El paso seguro que el hombre llevaba se detuvo. Y a pesar de saber el por qué se encontraba allí su mente le jugaba la mala pasada de tener que recordárselo una y otra vez.

Su hijo había sido arrebatado.

Su hijo había sido asesinado.

Su hijo había muerto injustamente.

Su respiración empezó a ser arrítmica, y colgándose del brazo de su mujer, caminaron despacio, siguiendo un pequeño vals que sonaba como prueba en el órgano de la parroquia, dejándolo en blanco por un segundo.


"— ¡Déjala, papá! —gritó el niño de nueve años, corriendo hacia él mientras le agarraba rápidamente la mano—. No la cambies, es Chuck Berry. John y yo estuvimos escuchándolo hace unos días, ¡es una nota!

El ceño del señor May, sin realmente quererlo, se dejó brotar en una mueca inconforme por la revelación.

— ¿Y se puede saber por qué estuviste en la casa de ese niño? Te dije que sólo podías ir los fines de semana, Harold.

El tosco tono de su padre le hizo encogerse, lamentando haber soltado la pequeña travesura que había sido encubierta por su madre.

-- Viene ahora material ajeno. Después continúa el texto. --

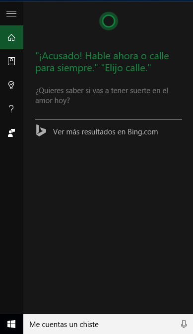Una de las cosas que se me ocurrió un día decirle fue: Cortana me aburro... A lo cual ella me respondió, que si quería que me contará un chiste.
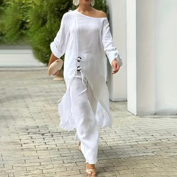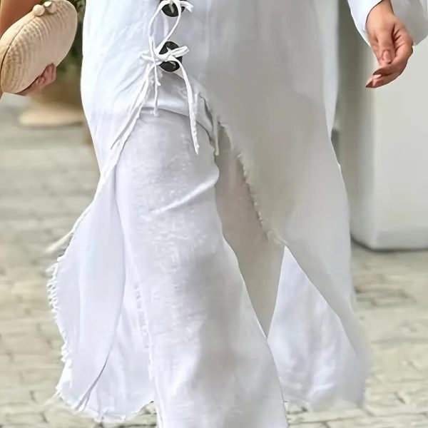 This unique two-piece ensemble features an asymmetrical open-front robe with natural wood button detailing and a matching inner slip dress designed for off-shoulder styling. The flowy oversized cut creates dramatic movement, while the irregular hemline adds artistic flair. Crafted from 95% polyester/5% elastane , this set offers luxurious drape with comfortable stretch, making it perfect for warm weather lounging. The breathable fabric and relaxed silhouette provide ultimate comfort for indoor and outdoor relaxation. The adjustable tie closure allows for customizable coverage and fit. Available in sizes S-XXL to suit various body types.
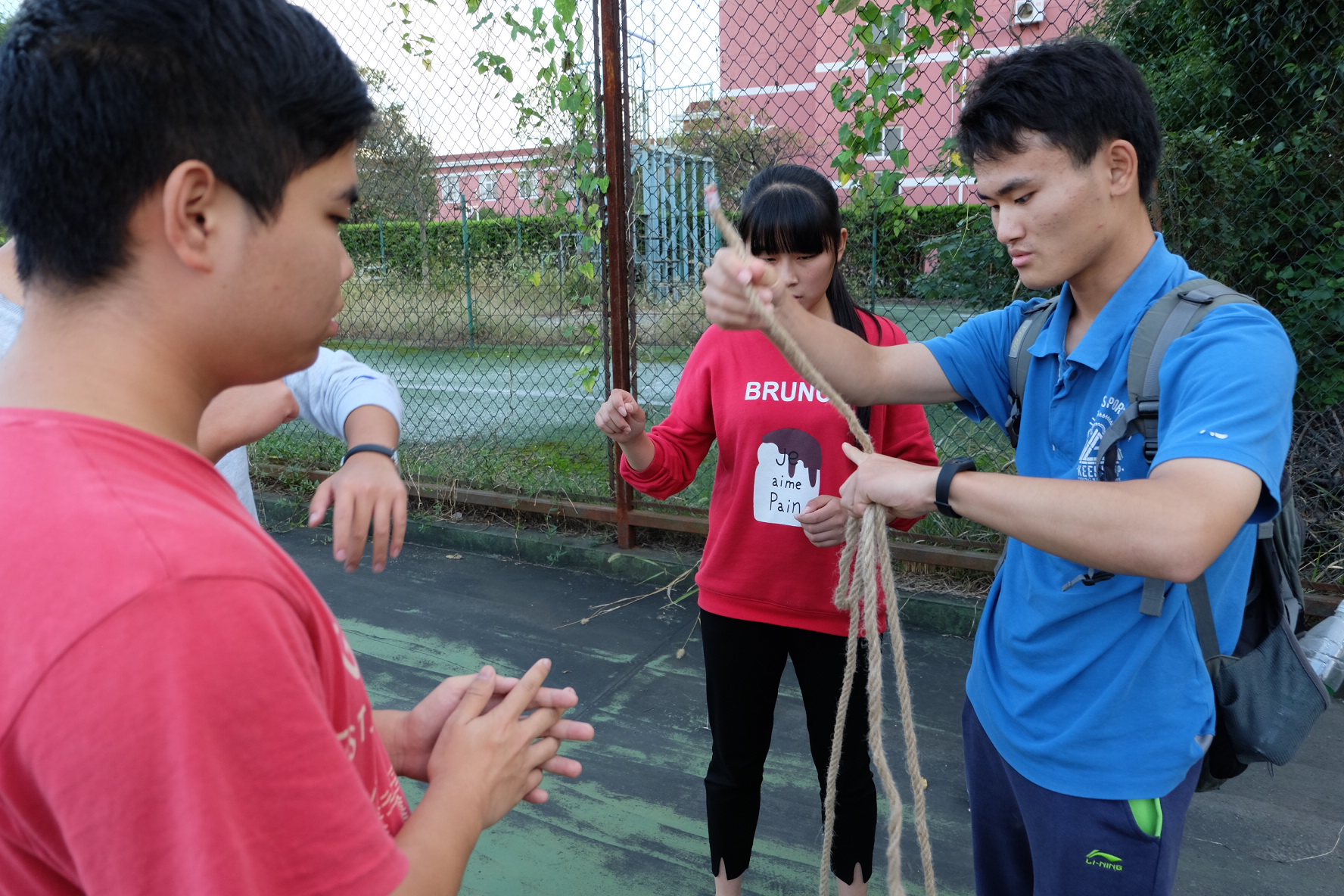 决赛分为四项比赛,第一项比赛的地点在情人坡,比赛内容是模拟伤口包扎和心脏复苏,在这项比赛中,数理学院对自己的高标准、严要求甚至让工作人员都无比佩服他们的比赛精神,依次到场的队伍也都有条不紊地帮“受伤的同学”进行包扎,他们很享受帮助别人的过程,并且表示还想参加明年的安全知识竞赛。第二项比赛的地点是南篮球场,比赛内容是制作逃生绳结,参赛队伍在工作人员的培训下,细心地制作逃生绳结。第三项比赛的地点是文化活动中心,比赛内容是寻找紧急逃生出口并合影,各个参赛队伍在赛场上飞奔,争分夺秒,仿佛真的在和时间赛跑,但一张又一张搞怪的自拍照又无不显示出竞争带给他们的乐趣。

—Por-porque... —intentó hablar el rizado, quien preso del miedo, era traicionado por pequeños temblores en su voz.

—No me digas que te has ido sin permiso, Brian Harold May, porque vamos a tener serios pro...—

— ¡Era el cumpleaños de Julie, Harold! —interrumpió Ruth, quien intentó, sin éxito, sacar del problema a su hijo—. No te lo comenté porque estabas en la fábrica, pero la madre de John vino a casa para decirme que harían una pequeña fiesta, y no vi por qué no podía ir.